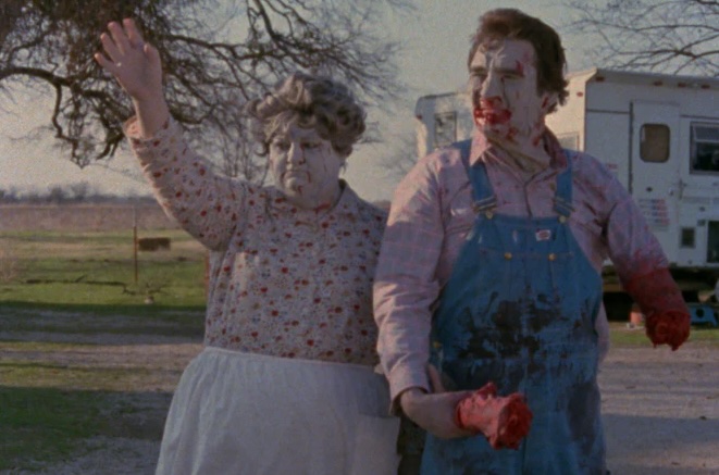 BLOODSUCKERS FROM OUTER SPACE (1984) A farming community is invaded by an alien presence that turns the residents into bloodsucking mutants. The police are baffled when bodies start piling up, drained of blood. A hillbilly called Buford thinks “Satan-worshipping homos” are responsible, but a more intelligent perspective is sought by a wannabe photojournalist (Thom Meyers). Scientists try to study a captured bloodsucker but that proves fruitless when the Army is called in and wishes to lay waste to the land with nukes. Meyers discovers some family members have become bloodsuckers—in self-defense he cuts off his uncle’s arm, which gushes blood from a stump that resembles ground beef. Meyers then turns into a regular Ash Williams from Evil Dead and uses a chainsaw to remove the head of a bloodsucker decked out in trucker’s cap and overalls. In what can only be a homage to Boris Sagal’s The Omega Man, a smart bloodsucker teaches the prophetic ways of inevitable doom for all mankind by promising divine intervention. If anything, Bloodsuckers from Outer Space proves to be an amusing send-up of Night of the Living Dead, made by people who have an idea or two in their heads. B–
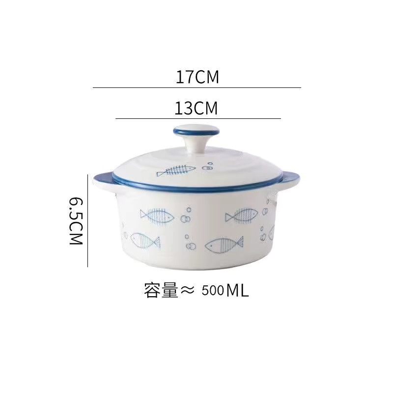 • 중형 뚜껑 달린 푸른 물고기 그릇 (500ml)⚑⚑
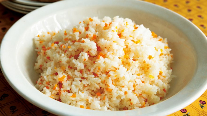 オレンジ色が鮮やかなごちそう仕様のピラフ。ほのかなにんじんの甘みが肉料理にもサラダにもよく合います。
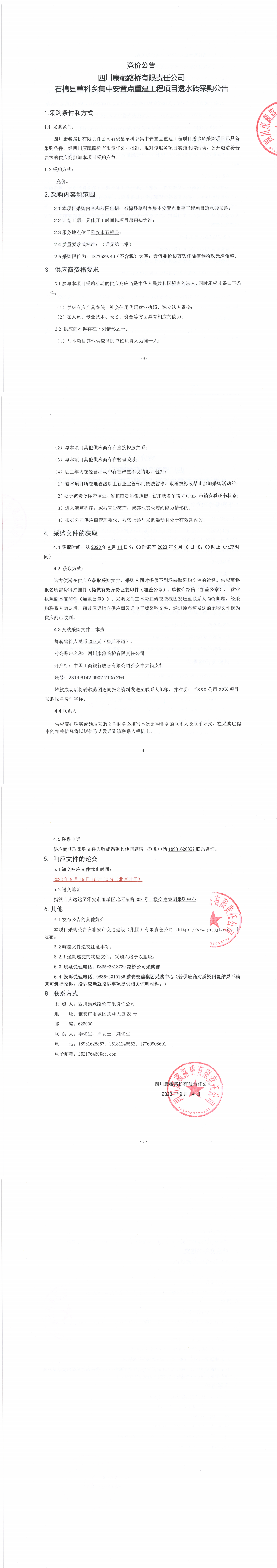 四川康藏路橋有限責(zé)任公司石棉縣草科鄉(xiāng)集中安置點重建工程項目透水磚采購公告
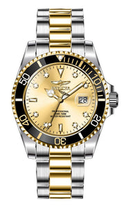 Band Material: Stainless Steel, Band Tone: Steel,Gold, Band Width: 20MM, Band Length: 180MM, Crown Type: Push, Case Material: Stainless Steel, Case Tone: Steel, Case Size [mm]: 40, Case Back: Solid, Material of Hands: Metal, Color of Hands: Gold, Crystal Type: Flame Fusion, Bezel Material: Stainless Steel,Aluminum, Dial Material: Metal, Dial Color: Gold, Dial Pattern: None .Purchasing these parts and having a non-authorized repair center open your watch voids all manufacturing warranties. Invicta cannot guarantee the quality standards of an altered timepiece, the standard 3-year limited warranty on Invicta timepieces shall be invalid if the timepiece is serviced at any time by an unauthorized repair center. This includes battery replacements, which must be done at an Invicta authorized repair center in order to maintain the eligibility of the warranty. Please follow the link below to learn more about Invicta's warranty.https://cdn.invictawatch.com/www/files/invicta-warranty-2018.pdf

═══

= TRY IT =
When you output the entries, keep each line exactly as it is and leave out any pictures.

= WRITTEN ANSWER =
 BLOODSUCKERS FROM OUTER SPACE (1984) A farming community is invaded by an alien presence that turns the residents into bloodsucking mutants. The police are baffled when bodies start piling up, drained of blood. A hillbilly called Buford thinks “Satan-worshipping homos” are responsible, but a more intelligent perspective is sought by a wannabe photojournalist (Thom Meyers). Scientists try to study a captured bloodsucker but that proves fruitless when the Army is called in and wishes to lay waste to the land with nukes. Meyers discovers some family members have become bloodsuckers—in self-defense he cuts off his uncle’s arm, which gushes blood from a stump that resembles ground beef. Meyers then turns into a regular Ash Williams from Evil Dead and uses a chainsaw to remove the head of a bloodsucker decked out in trucker’s cap and overalls. In what can only be a homage to Boris Sagal’s The Omega Man, a smart bloodsucker teaches the prophetic ways of inevitable doom for all mankind by promising divine intervention. If anything, Bloodsuckers from Outer Space proves to be an amusing send-up of Night of the Living Dead, made by people who have an idea or two in their heads. B–
 • 중형 뚜껑 달린 푸른 물고기 그릇 (500ml)⚑⚑
 オレンジ色が鮮やかなごちそう仕様のピラフ。ほのかなにんじんの甘みが肉料理にもサラダにもよく合います。
 四川康藏路橋有限責(zé)任公司石棉縣草科鄉(xiāng)集中安置點重建工程項目透水磚采購公告
 Band Material: Stainless Steel, Band Tone: Steel,Gold, Band Width: 20MM, Band Length: 180MM, Crown Type: Push, Case Material: Stainless Steel, Case Tone: Steel, Case Size [mm]: 40, Case Back: Solid, Material of Hands: Metal, Color of Hands: Gold, Crystal Type: Flame Fusion, Bezel Material: Stainless Steel,Aluminum, Dial Material: Metal, Dial Color: Gold, Dial Pattern: None .Purchasing these parts and having a non-authorized repair center open your watch voids all manufacturing warranties. Invicta cannot guarantee the quality standards of an altered timepiece, the standard 3-year limited warranty on Invicta timepieces shall be invalid if the timepiece is serviced at any time by an unauthorized repair center. This includes battery replacements, which must be done at an Invicta authorized repair center in order to maintain the eligibility of the warranty. Please follow the link below to learn more about Invicta's warranty.https://cdn.invictawatch.com/www/files/invicta-warranty-2018.pdf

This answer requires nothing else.